Хануш Бургер - «1212» передает
Шонесси, взяв с собой Блейера, пошел в комендатуру узнать подробности о положении в Праге.
— Хелло, Петр!
Я не верил своим глазам. Рядом с машиной стоял Сильвио.
— Я знал, что ты все же выберешься сюда!
Во мне боролись противоречивые чувства: радость встречи и горькое воспоминание о его отъезде. Он, видимо, заметил это.
— Разочаровался во мне, не так ли? — спросил Сильвио с вымученной улыбкой.
— Разочаровался? Почему ты уехал не простившись?
— Бывают объяснения, которые не рассчитаны для маленьких детей. А прощаться, ничего не объяснив, я не имел ни малейшего желания.
Пауза. Мне показалось, что за три недели, пока я его не видел, он похудел.
— Вы хотите ехать дальше, в Прагу? До сегодняшнего утра дела там были дрянь. Говорят, часть города сгорела. Немцы сбрасывали зажигательные бомбы. Сегодня утром я лично допрашивал одного пленного оттуда.
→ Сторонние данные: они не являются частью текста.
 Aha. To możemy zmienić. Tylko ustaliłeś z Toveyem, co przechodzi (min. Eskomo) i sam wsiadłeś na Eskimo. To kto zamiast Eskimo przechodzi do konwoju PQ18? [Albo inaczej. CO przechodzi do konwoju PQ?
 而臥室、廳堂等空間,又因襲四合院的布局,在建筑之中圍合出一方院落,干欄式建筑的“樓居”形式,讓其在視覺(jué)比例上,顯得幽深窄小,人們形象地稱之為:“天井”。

Значит, это все же случилось. Уже двое суток, как объявлено об окончании войны, а Прага все же принесена в жертву! В душе у меня поднималась волна сожаления, негодования и боли.
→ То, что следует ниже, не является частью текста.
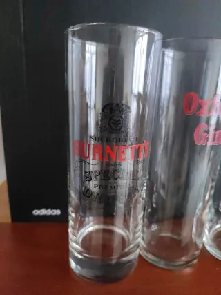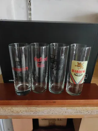 Conjunto de cuatro vasos de colección con motivos de ginebra, ideales para los amantes de lo vintage. - Diseño clásico. - Perfectos para coleccionistas.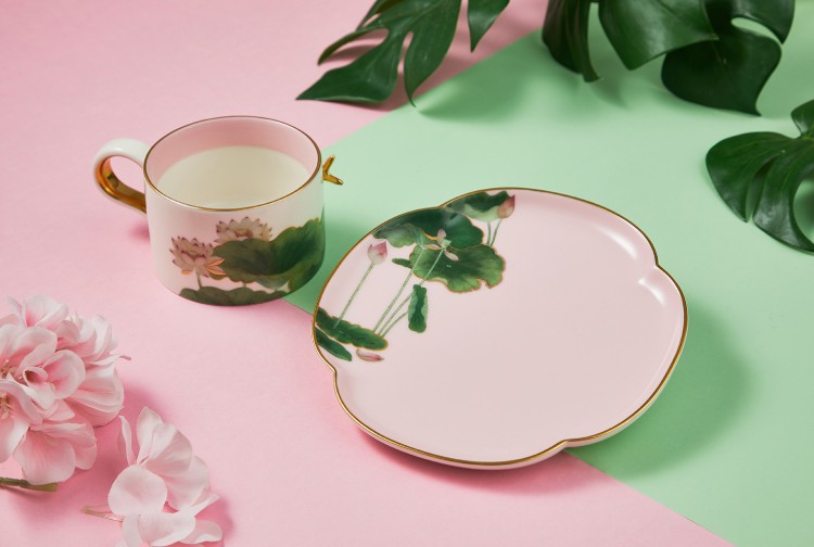 > 送禮專區 > 瓷器_藝術文創系列 > 林玉山-蓮池 一路荷美杯盤組(粉紅) |

— А что делаем мы? Сидим в Пльзене! Почему мы ничего не предприняли?
— Мы? Если ты имеешь в виду нашу Шестнадцатую танковую дивизию, то, скажу тебе по секрету, мы вплоть до пятого числа торчали перед Пльзеном, а когда город оказался в руках чехов, нас сразу же ввели в него. За пять минут до конца войны наши не хотят рисковать ни одним американцем. Возможно, то же самое наши рассчитывали проделать и с Прагой, но, успокойся, с сегодняшнего дня там русские…
— Русские? Но ведь три дня назад они были очень далеко от города, а наши с пятого числа, можно сказать, сидели под боком. Понял ты это или нет?
— Ты слишком о многом спрашиваешь меня. Я всего-навсего простой сержант. Возможно, у нас с русскими на этот счет имелось какое-нибудь соглашение…
— Глупости! Что значит «договорились»? Глупец ты, Сильвио! Когда наша девятая подошла к Рейну и мост через реку оказался невзорванным, что сделали наши парни? Подождали англичан, которые по соглашению должны были первыми перейти Рейн? Ничего подобного! Наши парни взяли да и перешли на противоположный берег! А здесь идет речь о жизни целого города с миллионным населением!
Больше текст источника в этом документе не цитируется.